Insofar as the ooutput seems as-if to reason it is because the input was produced by reasoning (of people). If you input text documents which have not been structured by reasoning agents, then the system doesnt work.

As for the idea of AI building generative 3D models and then projecting 2D -- yes, indeed that's how we did it.. but there are very large infinitities of 3D models all producing the same 2D.

This is where the "start from known outcome spaces" strategy of all existing AI fails. You cannot scan an infinity, or even sample meaningfully from it.

In otherwords the AI has to build such "deep models" circumstantially, it has to have a very limited set of them, and these have to 'somehow' be necessarily close to reality.

How do we do this? No mystery, we are in reality and so we in an ecological interplay with our enviorments. THe environment isnt, in cartesian terms, an evil daemon -- it doesnt lie, and doesnt tell the truth. What it does do is act reliably in reaction to us.

Via these means we explain.

sidebar

"If reasoning is an abstract pattern, then rice falling to the ground is likewise "reasoning"."

Technically, I think some philosophers over the ages have made that point, and argued that 'rice falling' is reasoning, and the rice is 'wanting' to be closer to the 'earth' or some such thing. It does sound wacky.
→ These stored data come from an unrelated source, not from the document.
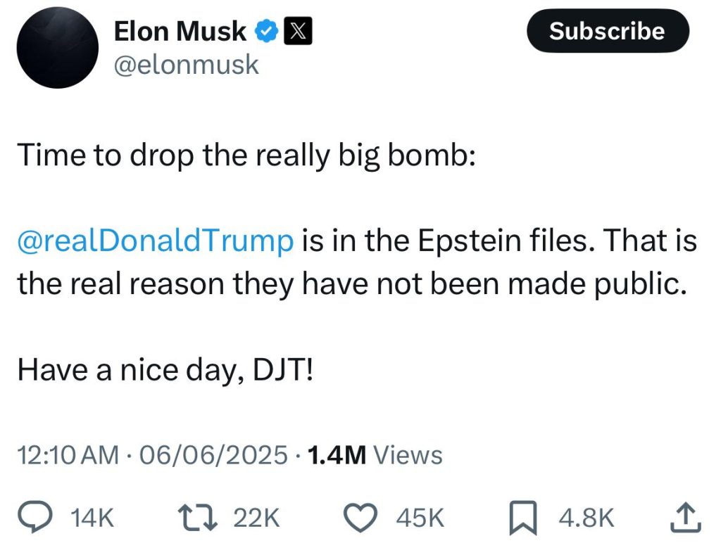 Musk escalated the feud dramatically by hinting at a dark secret. In a bombshell post on June 6, 2025, Musk tweeted:
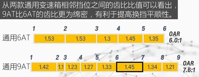 与ZF此前推出的9AT变速箱相比,通用9T50变速箱低速挡齿比更绵密,其中2挡和3挡齿比最为接近,低速情况下平顺性更好,更适合中国的道路情况。从结构和配置看,平顺性是这款变速箱追求的重要指标之一,名为“Shift by Shift”的换挡策略对于降低换挡顿挫、提升平顺性方面有一定的帮助。
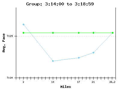 ------------------ 3:14:00 to 3:18:59 ------------------ 2m split avg: 7:33 10m split avg: 7:20 17m split avg: 7:21 21m split avg: 7:23 Overall pace: 7:30

Think Leibniz and monads made some argument like that.

And the various takes on 'Will to Power', Schopenhauer argued the will is a blind force. We don't have control of our own thoughts.

I think you are still giving humans too much credit for this aspect of 'cognition'.
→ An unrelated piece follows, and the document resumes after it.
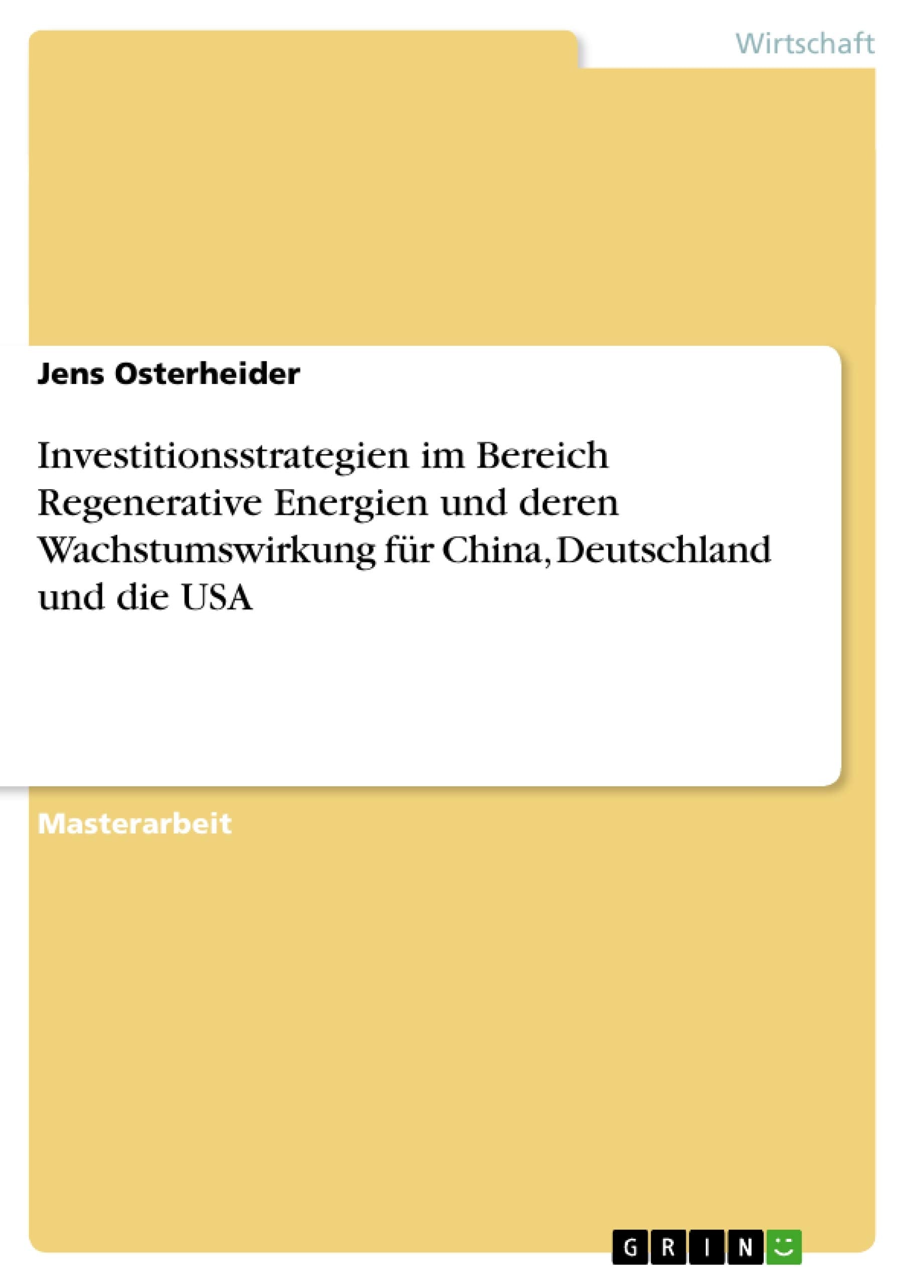Masterarbeit aus dem Jahr 2010 im Fachbereich BWL Investition und Finanzierung, Note: 1,0, RuhrUniversitt Bochum (Ostasienwissenschaften), Sprache: Deutsch, Abstract: Seit dem Inkrafttreten des KyotoProtokolls im Jahre 2005 haben viele der teilnehmenden Staaten groe Anstrengungen unternommen, um den weltweiten Aussto von sogenannten Treibhausgasen zu reduzieren. Einen ganz entscheidenden Beitrag zur Erfllung der festgelegten Ziele soll dabei die Energiegewinnung aus regenerativen Quellen wie Sonne, Wasser oder Wind liefern. Aufgrund der zunehmenden staatlichen Frderung und der steigenden Nachfrage innerhalb der Bevlkerung entstanden so in den vergangenen Jahren neue internationale Mrkte, die sich ausschlielich auf erneuerbare Energien konzentrieren.... In dieser Arbeit geht der Autor zwei unterschiedlichen Fragen nach, die sich auf die Entwicklung der Mrkte fr regenerative Energien in China, Deutschland und den USA beziehen. Die erste Frage ist, welche unterschiedlichen Strategien zur Ausweitung von Investitionen im Bereich Regenerative Energien in den jeweiligen Lndern zum Einsatz kommen und welche Rendite dabei in Aussicht gestellt wird. Die zweite Frage ist, inwieweit die jeweiligen Vorgehensweisen die gesamtwirtschaftliche Entwicklung des eigenen Landes beeinflussen. Die voneinander abweichenden Anstze sollen dabei verglichen werden, um eventuelle berlegenheiten bestimmter Strategien aufzudecken und somit Handlungsempfehlungen zu ermglichen. Zur Klrung dieser Hauptfragen geht der Autor wie folgt vor. Zunchst werden im ersten Kapitel die Grundzge der Investitionstheorie vorgestellt und die speziellen Anforderungen fr Projekte im Bereich Regenerative Energien aufgezeigt. Danach folgen theoretische berlegungen bezglich der Auswirkung von Investitionsentscheidungen auf die Wachstums und Entwicklungsperspektiven eines Landes. Erneut werden hier Besonderheiten der betrachteten Branche bercksichtigt. Im dritten Kapitel erfolgt eine Beschreib

"A man can do what he wills, but he cannot will what he wills." Schopenhauer

schopenhaur's idealism is indeed very similar, as is all idealism to this computational mysticism.

What none in this tradition considered possible is that the world exists; each reduced it down to a purely formal pattern one way or another.

Thankfully today we treat mental illness, and derealisation and depersonalisation and raised to this status.

I operate in a framework where there's a world and we're in it, and it is one way and not another, and the way it is arises from spatio-temporal properties that arent equivalent because the symbols we use in models of them are isomorphic.

In otherwords, I have passed through my phase of insanity and arrived back into the world where the grass is green because it is green; and the chair heavy, because it is massive,.